Here are a few sample mistakes that we found on our clients’ HUD-1s:
- client charged for an insurance policy that he already paid for outside the closing
- client not given credit for the earnest money he paid, paying it twice
- client not getting property tax credit for the seller’s part of the year
- client double-charged by his hard money lender on both ends of the deal
- client charged for the delinquent property taxes that are the seller’s responsibility
Got the idea?
9. Verify interest.
Yes, mortgage companies make mistakes, too. However, their mistakes are not as staggering as some of the errors we have seen from private lenders and hard money lenders. Carefully examine what you were charged on the front end, what you were charged at payoff, and what you paid in between. Crunch some numbers. Compare your figures to the contract you signed. If the difference is substantial, ask questions.

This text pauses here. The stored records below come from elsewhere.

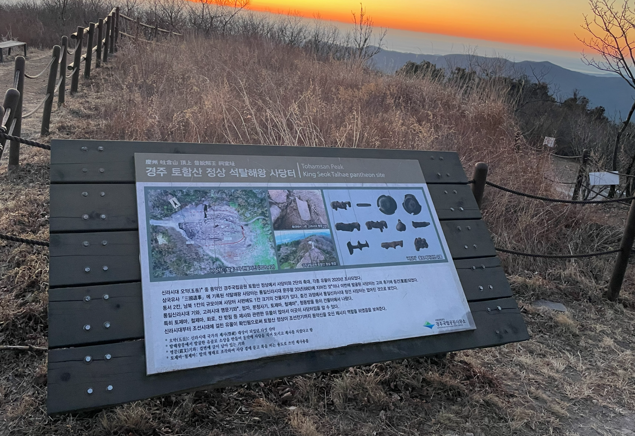 정상에는 신라 4대 임금인 탈해왕의 유골로 만든 소상을 문무왕이 모셨고, 제를 올렸다고 전해지는 곳. 신라시대부터 조선시대에 걸친 유물이 확인된 것으로 보아 토함산 정상이 조선전기까지 동악신을 모신 제사지 역할을 하였음을 보여준다.
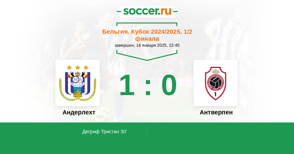30' (1:0) Дегриф Тристан (83) (Эдози Самуэль (27))
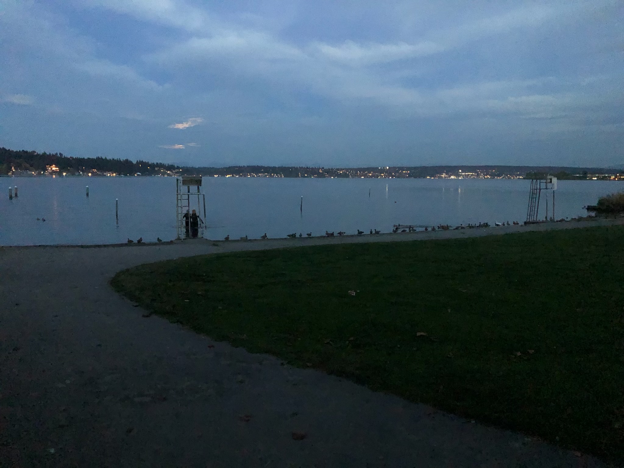 Today at the lake it was dark, and the water was flat. My caretaker, M, took me to the beach with just 15 minute left until sundown. I love swimming at night; it’s just not ideal to be in the park alone once it gets dark. But we were two, and we felt safe.
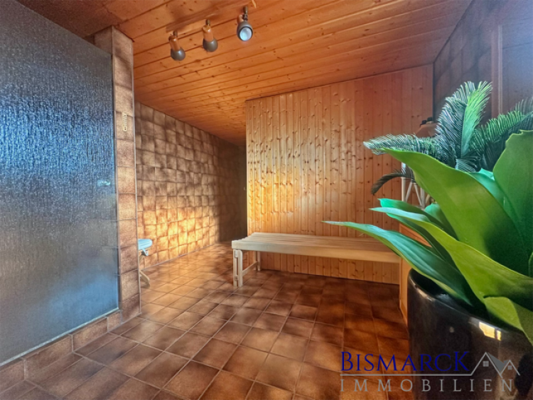 Neben der üblichen Technik- und Abstellfläche bietet das Untergeschoss einen Weinkeller mit einer gemütlichen Weinecke. Ein weiterer Höhepunkt sind die Sauna mit eigenem Ruhebereich und Dusche sowie die maßgefertigte Bauernstube im urigen Flair. Ein Haus eigenes Fitnessstudio mit Blick in den Garten befindet sich ebenfalls in dem Gebäude.
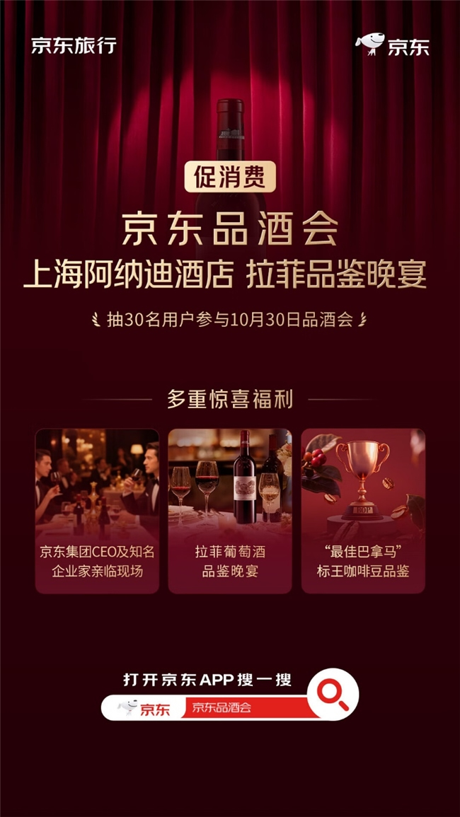 在酒旅市場,京東希望依托自身的供應(yīng)鏈能力,與合作伙伴共同探索新增長通路。6月18日推出“京東酒店P(guān)LUS會員計劃”最高3年0傭金后,9月16日通過京東品酒會IP的打造,創(chuàng)新聯(lián)動酒店和酒品牌,借助京東供應(yīng)鏈優(yōu)勢與酒店供應(yīng)鏈的融合,打造社交新場景,為用戶帶來差異化的住宿新體驗,為酒店帶來新客流。上京東住酒店,品名酒、交朋友。10月30日第二場京東品酒會,京東旅行和大家不見不散。
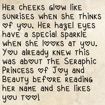 No. No no no. You had it all wrong, Mr. Faithful House Elf to the Seraphic Princess of Joy and Beauty! It was totally not obvious and she had been very very very stealthy!

I can’t tell you how many clients reported that the lender said oops once confronted with the client’s own calculation. But if you do not check – they will keep your money, and no thank you card will be sent. Not very good at these numbers? We will be happy to help.
10. Set aside 1/3 of profit from each deal for taxes.
Yes, I know it hurts. If it makes you feel any better, I must set aside 1/3 of what you pay me – for my own taxes. But the alternative hurts more. The alternative is to spend or reinvest the money once the deal is done, and “figure it out later.” Yeah, right. I will figure it out for you when I do your tax return, and you will gasp for air. Then you start looking for a payment plan, while the new deals create new taxes.
Guys, this is a very serious trap – please do not take it lightly. I do know an excellent bankruptcy attorney, and unfortunately I have given his business cards to quite a few of my clients. I have some of his cards left. Do you need one? You will need it, if you do not start setting aside 1/3 of your profits for Uncle Sam.